As crises financeiras são recorrentes. Apresentam-se sob diversas modalidades. “Mas, se existe um tema comum a todas elas, é o risco sistêmico criado pelo endividamento excessivo. Dois tipos de crise são particularmente relevantes nos dias de hoje: as crises bancárias e as crises das dívidas soberanas”, registram Reinhart e Rogoff, em “Oito séculos de delírios financeiros: desta vez é diferente” (2009). Pois foram devastadores os excessos cometidos por financistas anglo-saxões contra o regime fiduciário ocidental e os abusos da socialdemocracia europeia contra as possibilidades de financiamento sustentável das redes de solidariedade e de assistência social.
Os mercados financeiros temem um calote da Grécia, um novo “episódio Lehman Brothers”, agora na Europa. Os gregos descobriram, irritadíssimos, que nem os deuses do Olimpo podem garantir o paraíso social-democrata na Terra. São incumpríveis as promessas de bemestar feitas por uma classe política irresponsável. Empreguismo, corporativismo, inchaço do setor público, benefícios e aposentadorias irrealistas, sob o embalo da utopia social-democrata, estouraram os orçamentos públicos. E agora se encontram trancados na jaula do euro, da qual não conseguem escapar.
Uma das dimensões da crise é o risco de crédito da Grécia diante de sua capacidade de disciplina fiscal. Não acredito nos eventos extremos: nem no calote grego em meio à fuga da Zona do Euro, nem no sucesso de seu programa de ajustamento. O mais provável, como nós mesmos experimentamos no passado, é uma dolorosa sequência de tentativas de ajuste, desembocando em uma reestruturação da dívida soberana. Os gregos fazem o que for politicamente possível, o FMI e a União Europeia entram com mais dinheiro, mas os bancos privados levam também uma mordida. Por que isso não acontece logo? Medo de contágio, uma onda de calotes dos governos nacionais derrubando de vez o sistema bancário europeu.

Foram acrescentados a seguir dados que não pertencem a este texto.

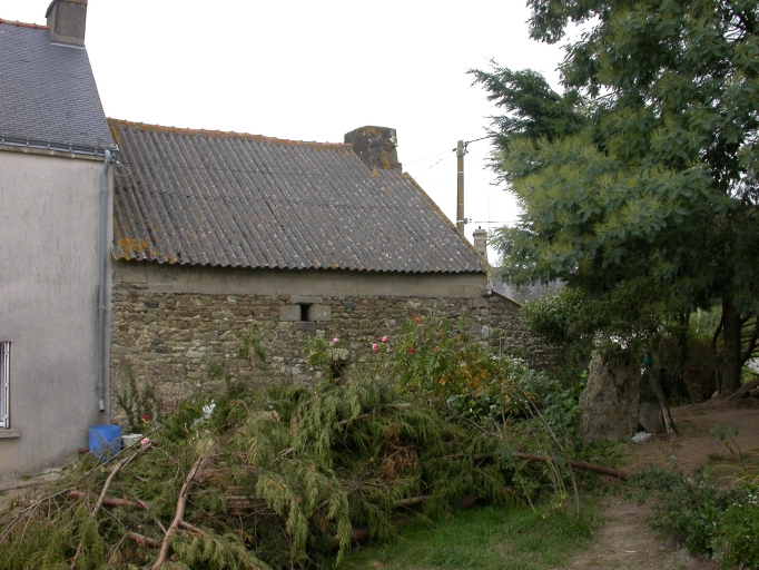 Kerdro, ferme repérée : logis à pièce unique surmonté d'un comble à surcroît, 17e siècle, vue générale sud. ZI 43Immatriculation
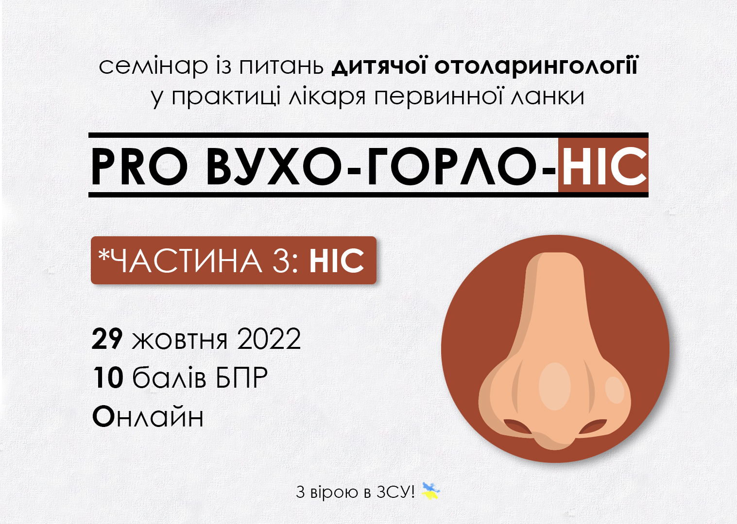 - Pro Вухо-Горло-Ніс (частина 3: Ніс) онлайн семінар з питань дитячої отоларингології, 10 балів БПР - незабаром старт реєстрації
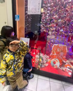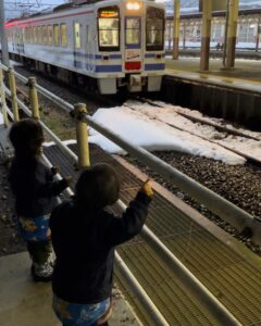年越しは新潟に行ってきました。写真は元日の夕方、ほくほく線が越後湯沢駅に入線してくるところです。越後湯沢駅改札出てすぐのおみやげ屋広場の一角。
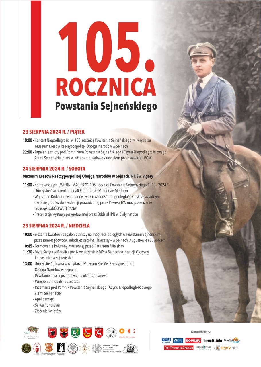 6 wydarzenia,P R O G R A M obchodów 105. rocznicy Powstania Sejneńskiego 23 sierpnia 2024 r. / piątek 18.00 Koncert Niepodległości w 105. rocznicę Powstania Sejneńskiego w wirydarzu Muzeum Kresów Rzeczypospolitej Obojga Narodów w Sejnach 22.00 Uroczystość zapalenia zniczy pod Pomnikiem Powstania Sejneńskiego i Czynu Niepodległościowego Ziemi Sejneńskiej przez władze samorządowe z udziałem przedstawicieli POW […]
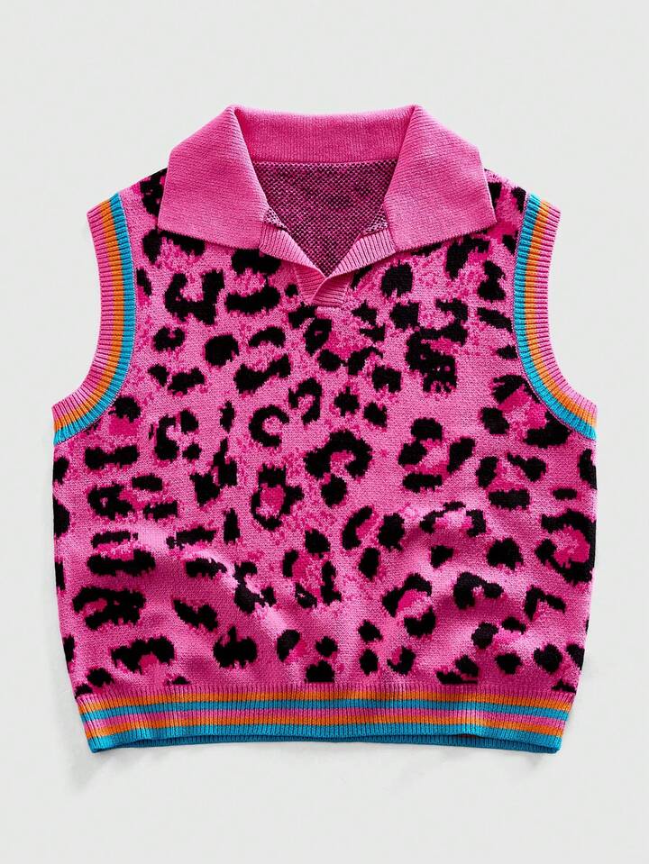 Gilet tricoté à col imprimé léopard, décontracté et quotidien pour hommes, automne/hiver
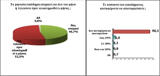 Επιπλέον το 12,7% των νοικοκυριών δήλωσε ότι τα εισοδήματά του δεν επαρκούν για να καλύψουν ούτε τις βασικές τους ανάγκες, Δύο στα 10 νοικοκυριά δήλωσαν ότι δεν θα μπορούσαν να ανταποκριθούν σε μια έκτακτη ανάγκη ύψους 500 ευρώ, ενώ το 45% θα κάλυπτε αυτή τη δαπάνη με μεγάλη δυσκολία. Περισσότερο από 1 στα 2 νοικοκυριά δηλώνει ότι το μηνιαίο εισόδημα δεν επαρκεί για όλο τον μήνα. Για αυτά τα νοικοκυριά το μηνιαίο εισόδημα επαρκεί κατά μέσο όρο για 19 ημέρες.
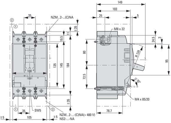EATON INDUSTRIES - Interruttore automatico 3p 8A NZMN2-S8-CNA SOLO MAGN 35KA UL/CSA - 103041
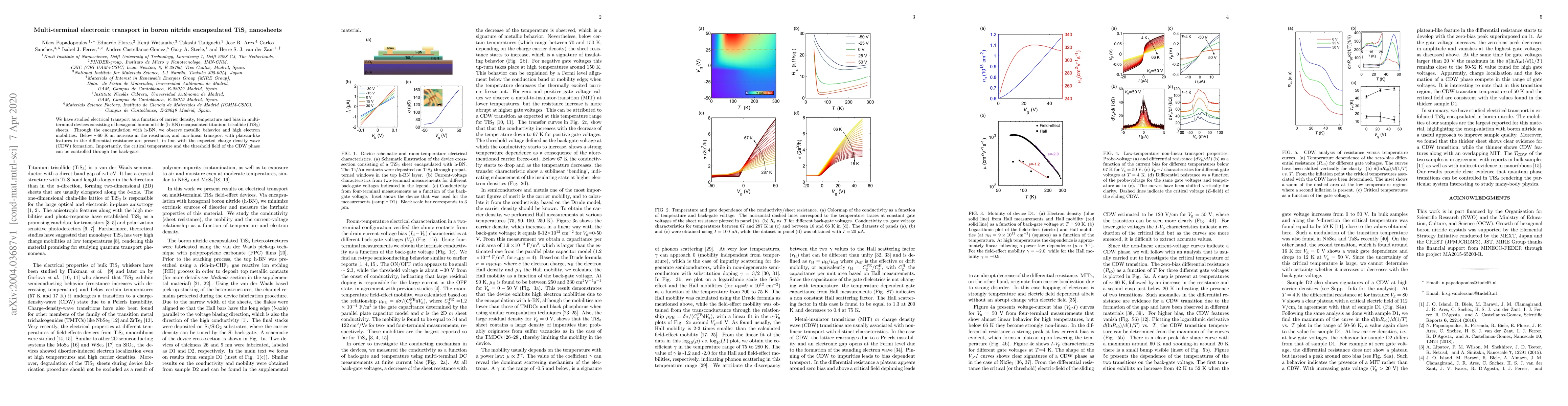 We have studied electrical transport as a function of carrier density, temperature and bias in multi-terminal devices consisting of hexagonal boron nitride (h-BN) encapsulated titanium trisulfide (TiS$_3$) sheets. Through the encapsulation with h-BN, we observe metallic behavior and high electron mobilities. Below $\sim$60 K an increase in the resistance, and non-linear transport with plateau-like features in the differential resistance are present, in line with the expected charge density wave (CDW) formation. Importantly, the critical temperature and the threshold field of the CDW phase can be controlled through the back-gate.
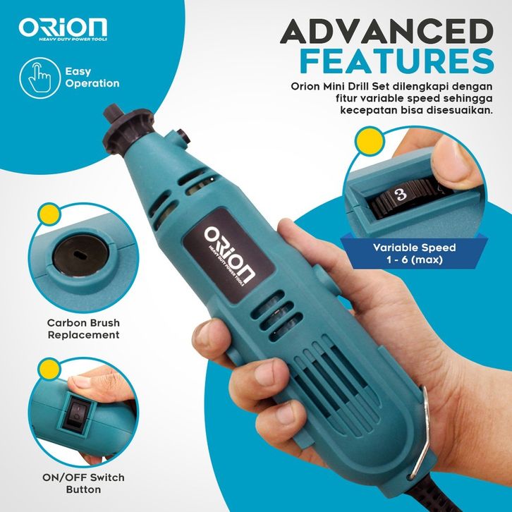 TERLARIS MESIN BOR TANGAN MINI GRINDER SET ORION MG-130B-9
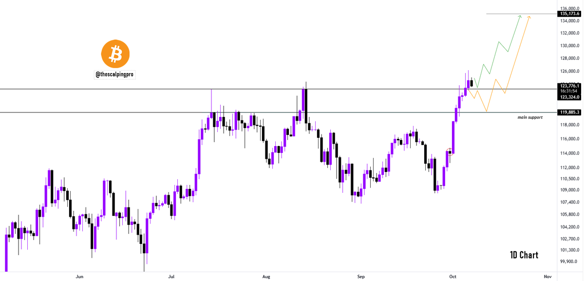 A daily candlestick close above this level could see Bitcoin “continue higher,” the analyst said, adding that the failure to hold this support could see a retest of the $120,000 zone.
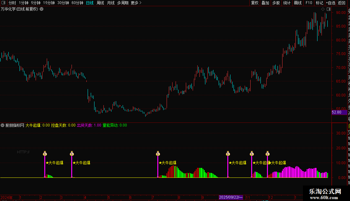 2. 起爆信号提示:当控盘指标上穿0轴(主力开始介入)且MACD处于做多区间时,会触发“★大牛起爆”黄色文字信号,同时伴随品红色柱体及对应图标,为进场提供明确指引;
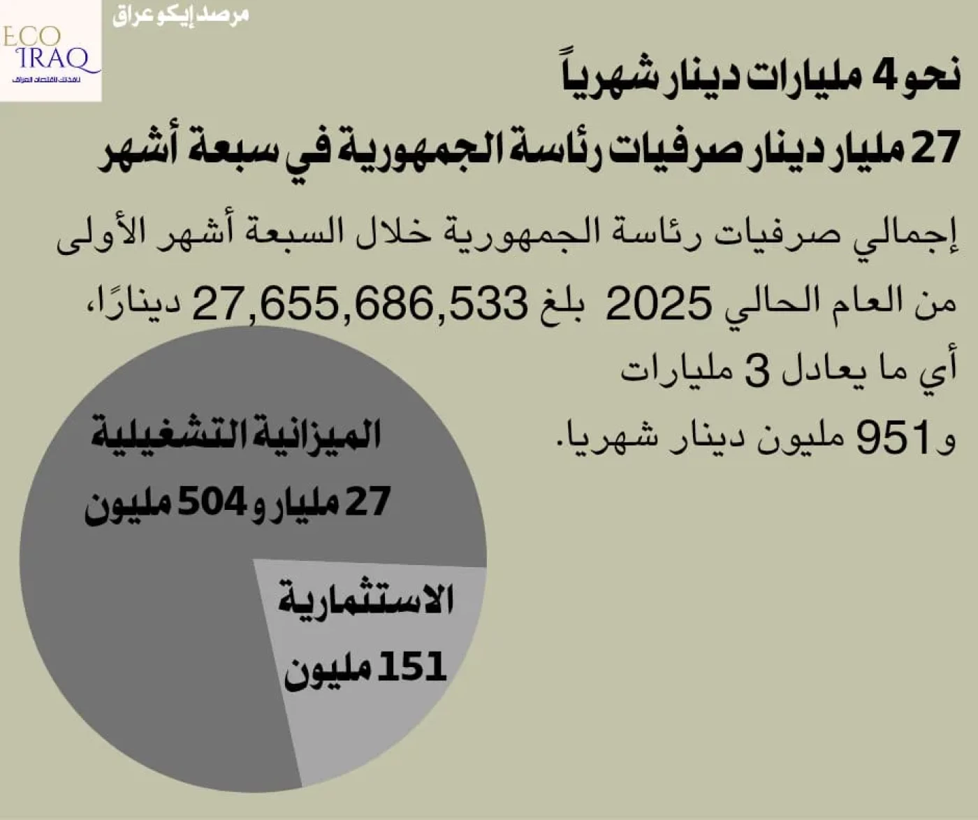 كشف مرصد "إيكو عراق"، أن الصرفيات الفعلية لرئاسة الجمهورية بلغت قرابة 4 مليارات دينار شهرياً "دون وجود أي نشاط تشريعي بارز".
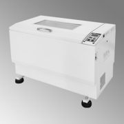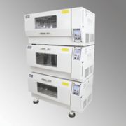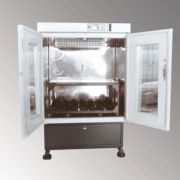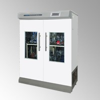 双层恒温摇床节约空间占地小、容量更多、效率高等特点。DLHR-Q500/800是双开门大型摇床,适用于生物工程、制药、化工等部门从事大规模培养微生物与细胞组织之用。 产品特点: ※立式双层结构,占地小、载瓶量大 ※真彩触摸式显示屏,状态、温度实时显示与设置,多天运行记录可查询; ※侧面有透气孔,满足样品对氧气的需求; ※制冷系统采用精密阀控变容量机组,制冷输出功率连续可调,直接控制蒸发器温度,保证系统控温平稳、顺滑、准确; ※温度采用PID式模糊控制,具有温度校正功能,满足不同温度测试点要求 ※具有预约控制功能,内置可单独编程的20个预约时段,方便用户模拟全天候工况; ※具有定时功能:0~500小时内任意设定培养时间; ※采用特种的交流感应长寿命电机,宽调速、恒力矩、恒转速、无碳刷、免保养;单独设计控制电机工作的硬件开关,当出现危险情况后及时断开开关保证人员安全。 ※机芯采用自主研发的多轴同步式,高精度加工手段加工,具有强度高、使用寿命长、噪音低、免维护等优点。 ※霍尔测速装置,转速测定精确可靠; ※门禁与照明、转速互锁功能,用户可按自己要求设置开门电机是否停转,照明灯是否开启,开门超时是否报警; ※超温超速报警功能。超过设定温度3°或超过设定转速50rpm,自动报警,并自动断电。 ※具有断电恢复功能,避免因停电、死机而造成的数据丢失问题。
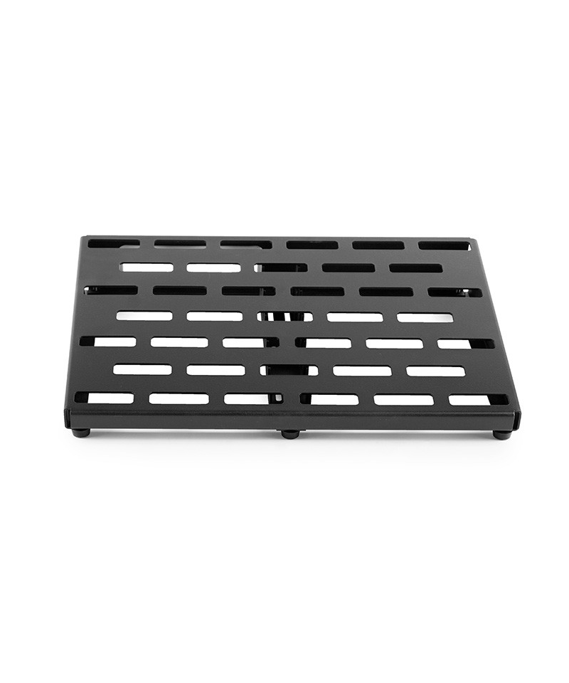 La serie di pedaliere RockBoard stata completamente riprogettata per creare una pedaliera leggera, rigida e robusta e che consente l'uso di una moltitudine di pedali e soluzioni di montaggio dell'alimentatore. La sua costruzione straordinariamente ingegnosa si basa su un solo foglio di alluminio piegato e laminato a freddo per il telaio del pannello e non ha una sola saldatura. Questo rende la superficie della pedana completamente liscia e ti d pi spazio sulla pedaliera. Le staffe di supporto verticali a forma di U offrono ulteriore stabilit senza aggiungere troppo peso. Le pedaliere RockBoard non si piegheranno n si muoveranno. L'innovativo design basato su slot funziona altrettanto bene con le nuove piastre di montaggio dei pedali RockBoard Quick Mount (vendute separatamente) e con le soluzioni di montaggio standard (velcro, fascette per cavi). Gli slot consentono inoltre di nascondere facilmente i cavi sotto la superficie per una configurazione pulita e ordinata. Inoltre, qualsiasi alimentatore pu essere montato sotto la superficie della pedana o utilizzando la soluzione di montaggio dell'alimentatore universale RockBoard The Tray opzionale. Tutti i modelli della serie RockBoard (eccetto Duo 2.1) sono compatibili con i patchbay RockBoard MOD.
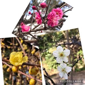 こんばんは😊 💠 紅梅 💠 梅 💠 蝋梅 💠 梅の花三種 ❤️✨️🤍✨️💛✨️ 花博記念公園鶴見緑地にて
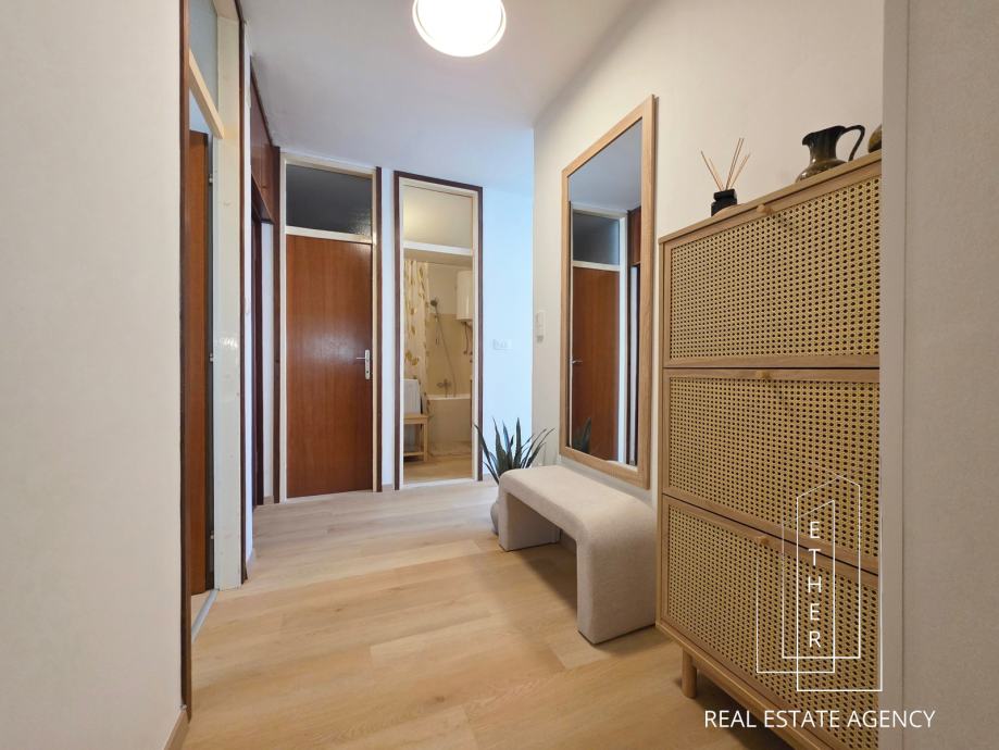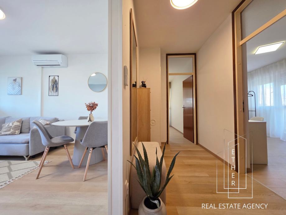 Raspored stana je praktičan i prilagođen ugodnom svakodnevnom životu. Prostor je svijetao, prozračan i funkcionalno organiziran, što ga čini izvrsnim izborom za obitelji, parove, ali i studente. Lokacija nudi blizinu svih potrebnih sadržaja – trgovina, škole, vrtića, fakulteta, javnog prijevoza i drugih usluga – čime je osigurana maksimalna praktičnost i kvaliteta života.

Outra dimensão da crise é o futuro do euro. Quem confunde o problema dos diferentes riscos de crédito dos governos nacionais europeus com o destino da moeda continental tem dificuldades de explicar a relativa força do euro ante supostos e iminentes calote grego e contágio do sistema bancário europeu. Pois, se apenas a Grécia abandonasse o euro, a moeda estaria ainda mais forte, e isto, sim, desagradaria aos alemães. Suportariam mesmo Apolo e Dionísio tanta verdade?